(Stored entries)
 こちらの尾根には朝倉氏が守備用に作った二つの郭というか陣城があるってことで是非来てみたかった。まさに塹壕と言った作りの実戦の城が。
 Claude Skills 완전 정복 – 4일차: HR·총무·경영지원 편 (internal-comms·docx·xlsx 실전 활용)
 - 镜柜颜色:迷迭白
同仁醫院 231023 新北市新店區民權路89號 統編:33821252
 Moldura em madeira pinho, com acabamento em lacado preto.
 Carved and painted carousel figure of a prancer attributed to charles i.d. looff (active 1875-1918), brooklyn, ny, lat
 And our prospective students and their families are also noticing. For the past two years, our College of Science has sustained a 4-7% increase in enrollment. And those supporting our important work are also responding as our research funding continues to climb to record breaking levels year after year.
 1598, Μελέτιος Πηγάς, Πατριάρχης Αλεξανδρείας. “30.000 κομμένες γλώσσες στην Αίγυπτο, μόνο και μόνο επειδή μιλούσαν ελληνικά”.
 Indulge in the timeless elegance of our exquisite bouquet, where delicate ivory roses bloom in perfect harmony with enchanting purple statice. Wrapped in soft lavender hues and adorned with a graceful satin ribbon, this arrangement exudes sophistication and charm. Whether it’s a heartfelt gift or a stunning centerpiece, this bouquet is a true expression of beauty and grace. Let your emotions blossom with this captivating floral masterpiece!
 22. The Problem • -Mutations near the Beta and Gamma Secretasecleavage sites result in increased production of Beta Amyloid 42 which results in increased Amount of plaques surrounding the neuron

### PROBLEM REQUIREMENTS
All the entries must be retyped exactly.

### WORKED SOLUTION
 こちらの尾根には朝倉氏が守備用に作った二つの郭というか陣城があるってことで是非来てみたかった。まさに塹壕と言った作りの実戦の城が。
 Claude Skills 완전 정복 – 4일차: HR·총무·경영지원 편 (internal-comms·docx·xlsx 실전 활용)
 - 镜柜颜色:迷迭白
同仁醫院 231023 新北市新店區民權路89號 統編:33821252
 Moldura em madeira pinho, com acabamento em lacado preto.
 Carved and painted carousel figure of a prancer attributed to charles i.d. looff (active 1875-1918), brooklyn, ny, lat
 And our prospective students and their families are also noticing. For the past two years, our College of Science has sustained a 4-7% increase in enrollment. And those supporting our important work are also responding as our research funding continues to climb to record breaking levels year after year.
 1598, Μελέτιος Πηγάς, Πατριάρχης Αλεξανδρείας. “30.000 κομμένες γλώσσες στην Αίγυπτο, μόνο και μόνο επειδή μιλούσαν ελληνικά”.
 Indulge in the timeless elegance of our exquisite bouquet, where delicate ivory roses bloom in perfect harmony with enchanting purple statice. Wrapped in soft lavender hues and adorned with a graceful satin ribbon, this arrangement exudes sophistication and charm. Whether it’s a heartfelt gift or a stunning centerpiece, this bouquet is a true expression of beauty and grace. Let your emotions blossom with this captivating floral masterpiece!
 22. The Problem • -Mutations near the Beta and Gamma Secretasecleavage sites result in increased production of Beta Amyloid 42 which results in increased Amount of plaques surrounding the neuron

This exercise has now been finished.